A church made of dust

After each service, I sweep up the dirt, specks of plastic, and tendrils of hair.
September 9, 2022
(Illustration by Luisa Jung)

We are a tenant church. Renting a space for worship is a way of life deep in our bones. Cleaning up is written into our contract, one of the tasks that comes with low rent for a few hours each Sunday in an Episcopal church’s fellowship hall. It is a small job, too minute, I’ve concluded, to trouble a volunteer.

My role as occasional sexton doesn’t carry the majesty of its Latin—“custodian of sacred objects.” I do not dig graves like my medieval counterparts. In truth, I find nothing especially spiritual about the work.

Instead, running a towel across the blinds and checking the bathrooms for paper towels is humbling. Whatever hearty proclamation I make from the pulpit, however our hearts are rent by soaring hymns, our skin turns to dust that accumulates in cracks and corners. We create waste. Someone must clean it up.

In the semiarid countries where I have lived, dust is a faithful companion. Hot winds sweep through wadis, whipping the fine sand into thick ribbons of cloud. They settle in corners and crannies. Sleeping in the desert, I would awake with a veneer of dust settled onto my skin.

Perhaps it is because of its ubiquity and nuisance that in the Hebrew Bible dust is a portent and pathway of humiliation. We discover Job defiling his horn in the dust. The psalmist’s soul is cleaving to it. Throughout the prophets, serpents are lapping up dust like water and people are grinding their faces into the dust in order to put their sorrow on display.

Lamentations reminds me that it is good “to sit alone in silence when the Lord has imposed it, to put one’s mouth to the dust” (3:28–29). It’s a graphic image to consider as I look at the specks of plastic, tendrils of hair, sloughed-off skin cells, sweater fibers, bacteria, dust mites, cat fur, pieces of dead bugs, and dirt that I’ve gathered into a small mound. Dust isn’t useful. It is the mortification of our bits and pieces. Zephaniah in a rage declares a future in which blood is poured out like dust and “their flesh as the dung” (1:17).

In less arid countries, people make dust. We each regenerate our skin every month or two, shedding the old layer into the air. Nineteen million skin cells, stacked like pancakes, die and then flake off before they settle down among the other rubbish. Who will clean up after us?

“What is this place, where we are meeting?” Huub Oosterhuis wonders in his hymn. “Only a house, the earth its floor.” Each time I sing this song, I wish there was a verse for the corners where dust and bits of paper accumulate.

Cleaning the corners for worship robs me of any illusion to transcendence I’ve invested in church life. We are earthy people, dust-making creatures, and to dust we shall return. “A serious house on serious earth it is,” Philip Larkin said of church buildings. I have built my life into this body for the seriousness of it, for the dust. And after the beauty and the grace of gathered bodies, the pastor is the one who bears witness to what is left behind, in trash cans and under chairs.

Today I climb the stairs to the third floor and gather the relics of our body. An inch of blue yarn, a safety pin, a green marker, a small plastic bag holding pedicels of grapes. Emma has been drawing her cartoon snakes again—here’s a boa constrictor wearing a top hat.

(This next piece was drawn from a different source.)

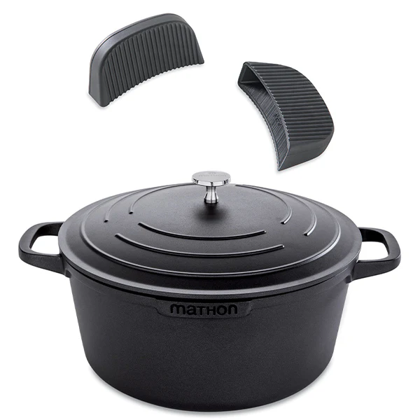 Lot cocotte légère ronde en fonte d’aluminium 28 cm et deux maniques en silicone Mathon

The crumbs of our people’s lives remain, hanging in the air, gathered together in clumps on the ground. I sweep away the traces in order to make room for more of us.

In Genesis we learn that we are made from dust, formed from the dry layer of sand that chokes out life in sandstorms and works its way into our crevices. In Targum Pseudo-Jonathan, an exposition of the second Genesis creation story, God creates people from a mixture of dust taken from the ground where the temple will be built, along with dust from the four winds. A mixture of universal and particular, of consecrated and unconsecrated dirt, bound to a holy place and gathered from everywhere. For the rabbis, this explained the human capacity for seemingly endless evil even as we bear the image of a good God. We are, somehow, always both.

Much of this life is cleaning up after one another, figuring out what to do with the mess. Someone will come along to sweep up after us, to take away the cast-off parts. Church is the place where people have chosen one another’s mess. People are complicated and lovely. They disappoint us, then exceed our expectations. We long for one another, and we come up empty. It is messy, this dusty life.

I clean up the church week after week, and I’ve come to accept that we can’t get away from the shedding of our skin. We can’t leave behind the mortifications of the flesh that are acne and aging, losing our abilities one by one. We are fragile dust creatures. What is this place that we are meeting? It is the place where we learn to love the dust of one another’s bodies.